Feminism is to wage war on a society that is geared against women. The basic structures of a society can be difficult – not impossible, just slow and difficult – to change, whereas the things that these patterns lead to can be alterable. Of course, if symptoms are all we can treat – we should do it. When the symptom is harming us or when treating it will eventually make the disease go away.

One example is parental leaves, because it’s so unfair that only women have the ability to carry a fetus within her body for nine months! Another (ridiculous) one is traffic lights – nowadays they install half and male half female. The female ones look like the males, but have longer hair and skirts – never mind that women can wear pants and pixie cuts.

I understand that male traffic lights is a sign of a society where “male” too often translates to “normal”. However, I don’t think new traffic lights have the power to change any deeper structures. I actually think it can do the opposite, by confusing pedestrians and by pissing people off.
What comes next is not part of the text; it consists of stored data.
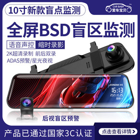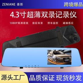 4.3寸汽车后视镜行车记录仪高清 前后双镜头倒车影...
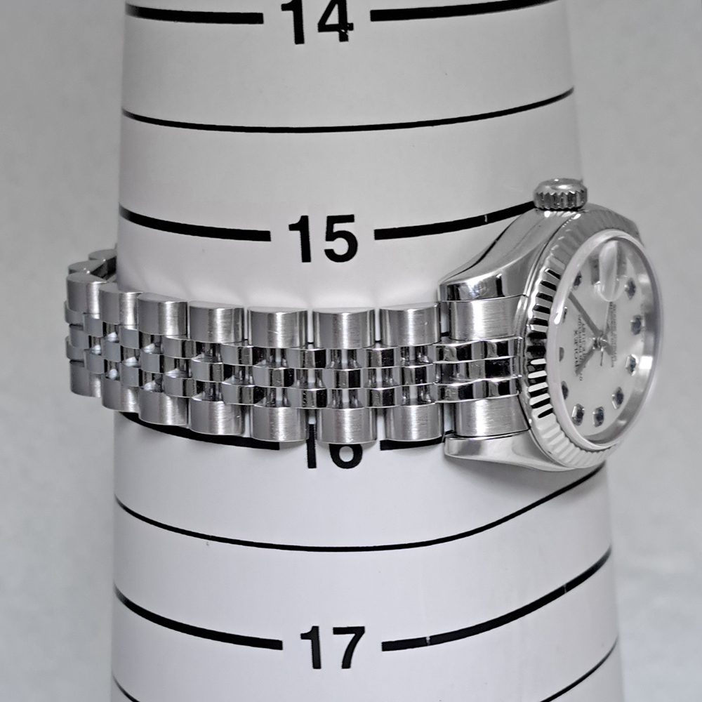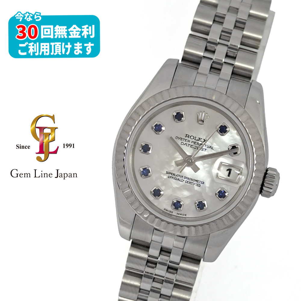 ロレックス デイトジャスト 179174NGSが入荷致しました。ステンレスとホワイトゴールド素材に良く合う美しい輝きを放つホワイトシェルダイヤルに10Pのサファイアインデックスをセッティングしたゴージャスなモデルです。こちらの商品は目立った傷等の無い綺麗な状態です。
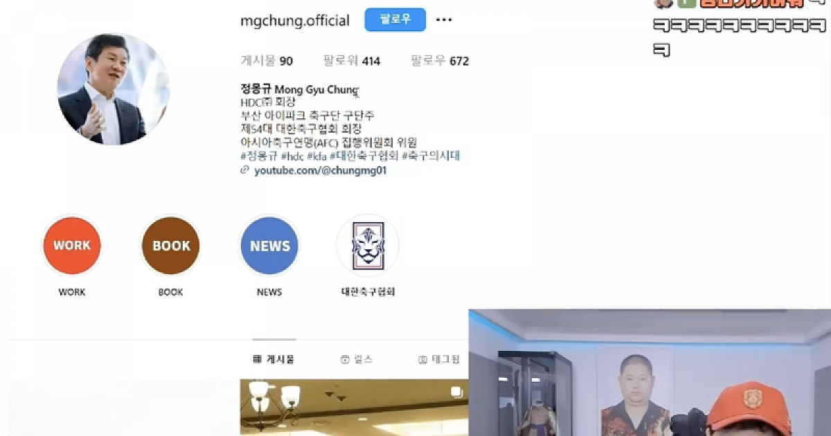 정몽규햄 감스트 인스타팔로우 ㄷㄷ
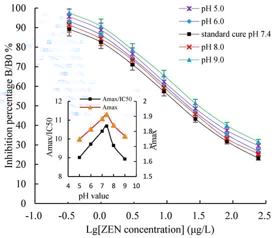 The effects of pH value on an icELISA. Insets indicate the fluctuations of Amax/IC50 (Y-principal axis) and Amax (Y-secondary axis) as a function of pH value. Each value represents the mean of three replicates.
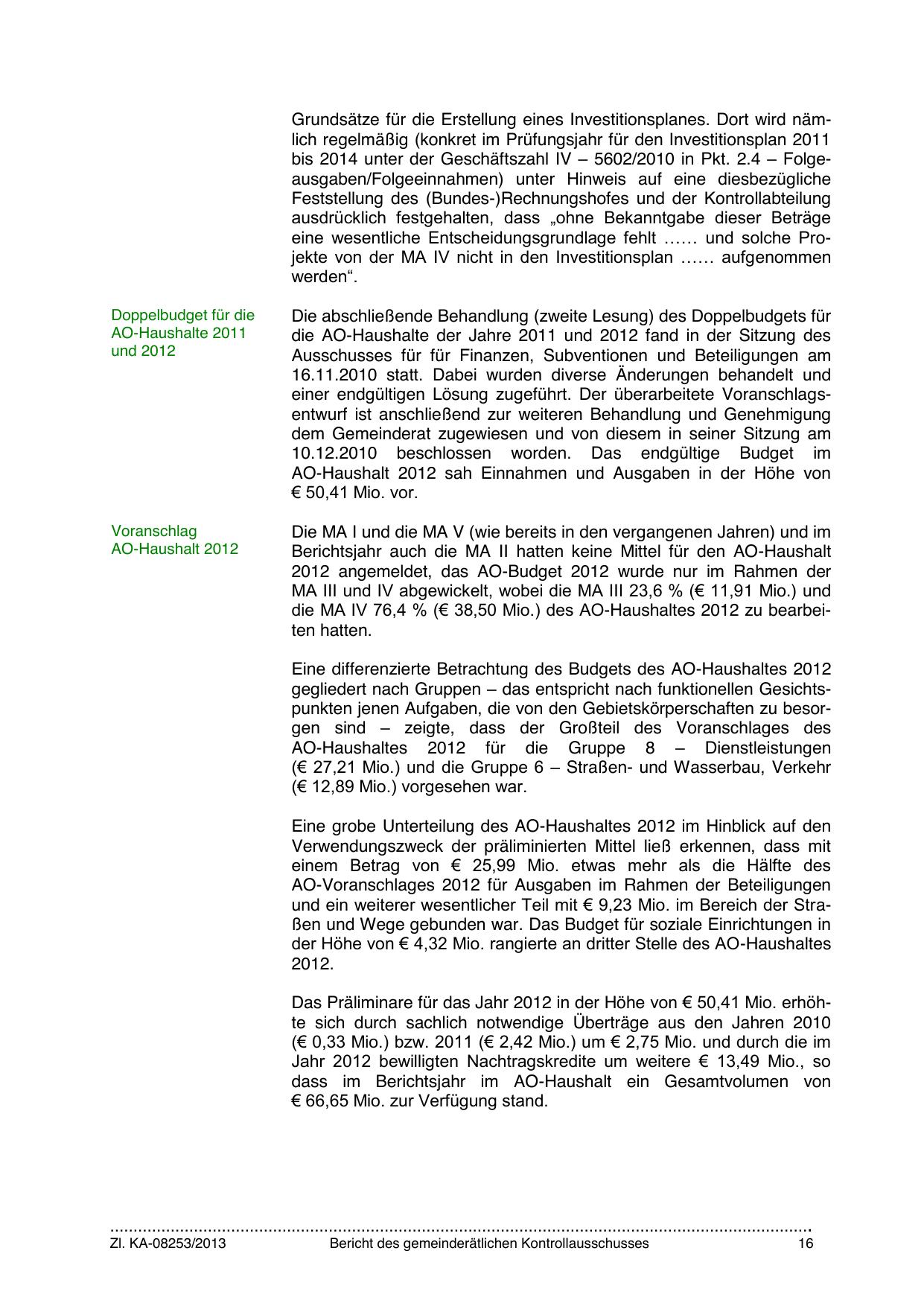 die MA IV 76,4 % (€ 38,50 Mio.) des AO-Haushaltes 2012 zu bearbeiten hatten.
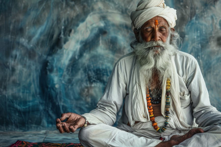 An Elderly Indian Man Meditates, A Yogi in the Lotus Position, Generative AI Illustration
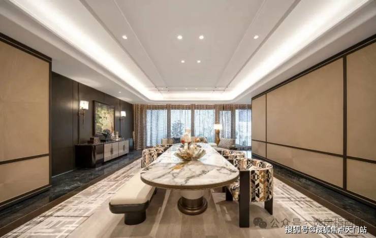 其一, 270°转角弧形飘窗 的创新,超绝的窗墙比造就空中全景舱。弧面玻璃都是三玻两腔,造价高昂。其二,在建筑层间用 弯弧铝板 来勾勒线条,工艺复杂、成本昂贵,楼体 铝板也是弧面设计, 并且整体大面运用滚涂工艺,色彩鲜艳、防腐性能好、耐气候性也更好,豪宅气质更加历久弥新!
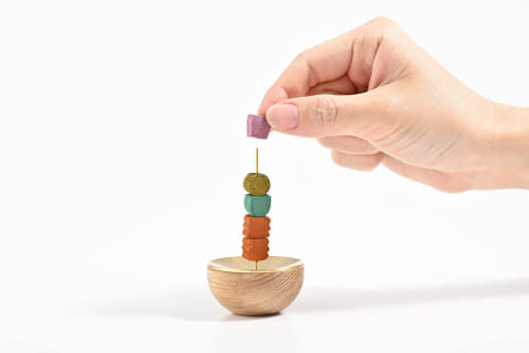 お香を積み上げて、お香の燃焼によって「時間の移ろい」を視覚と嗅覚で感じるお香時計。慌ただしく過ぎゆく日常の中で自分のリズムを取り戻してほしいという思いから生まれた。
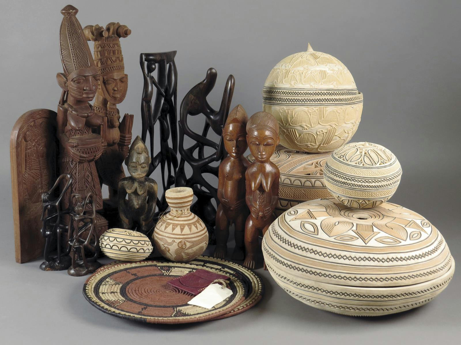 Five Nigerian carved calabashes, as a circular bowl and cover, 35.5cm diameter the largest, a carved calabash vessel, two table mats, a Yoruba carved maternity figure signed L. O. Fakeye, 51cm high, another of a male signed Gani. Fakeye, four Makonde abstract carvings, a Senufo standing female figure and a Benin style carved plaque. (a lot)
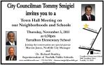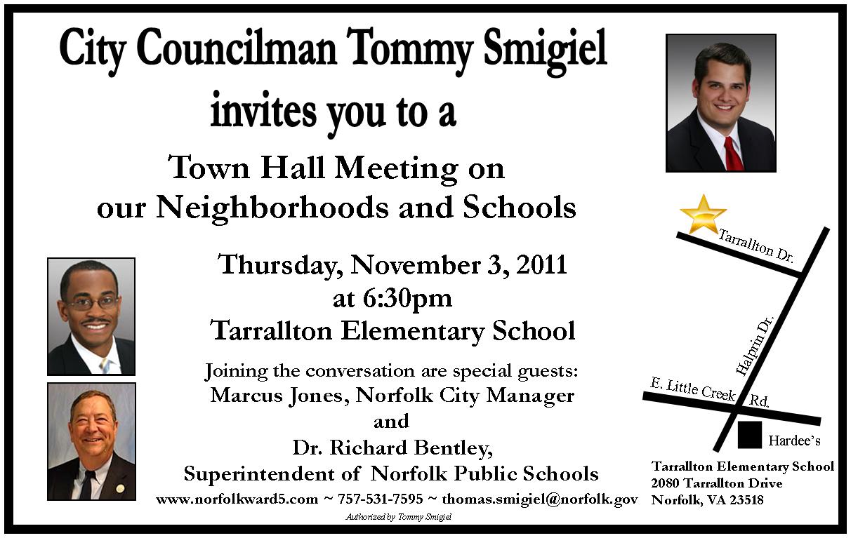 I am hosting a town hall meeting November 3 (click on image to enlarge) on the issues of neighborhoods and schools. Joining me will be City Manager Marcus Jones and Norfolk Public Schools superintendent Dr. Richard Bentley.

And this silly little thing (and many other of similar importance) is stealing focus from the real problems.

Where feminism is much needed
So what, then, is the real problem?

All the examples below are symptoms of a disease that could be called Patriarchy. They could of course also be the outcome of religious oppression, poor education or something else – one thing leads to another. 

  • A top politician in Poland recently said women should not have the right to vote.
  • In Iran, girls can be given a death sentence at the age of nine (boys at the age of fifteen). I’m against death sentences in general, even more so when they are given to children. So from that perspctive, it’s just the tip of an iceberg that girls are affected worse.
  •  In neighbouring Iraq, it will soon be legal for girls to get married – or be forced to get married– at the age of nine. Nine. That’s several years before most of them will have their first period, several years before they are old, strong or wise enough to manage a house hold, several years before they would be finished with their education (if, of course, they had the chance of education in the first place), several years before they are done playing with Tamagotchis or whatever else girls that age like to do. At nine there are several years before they are likely to have a hunch about who they want to spend the rest of their lives with.–560422
  • This list has some more examples.

A step in the wrong direction, you might say. Or, perhaps, a leap.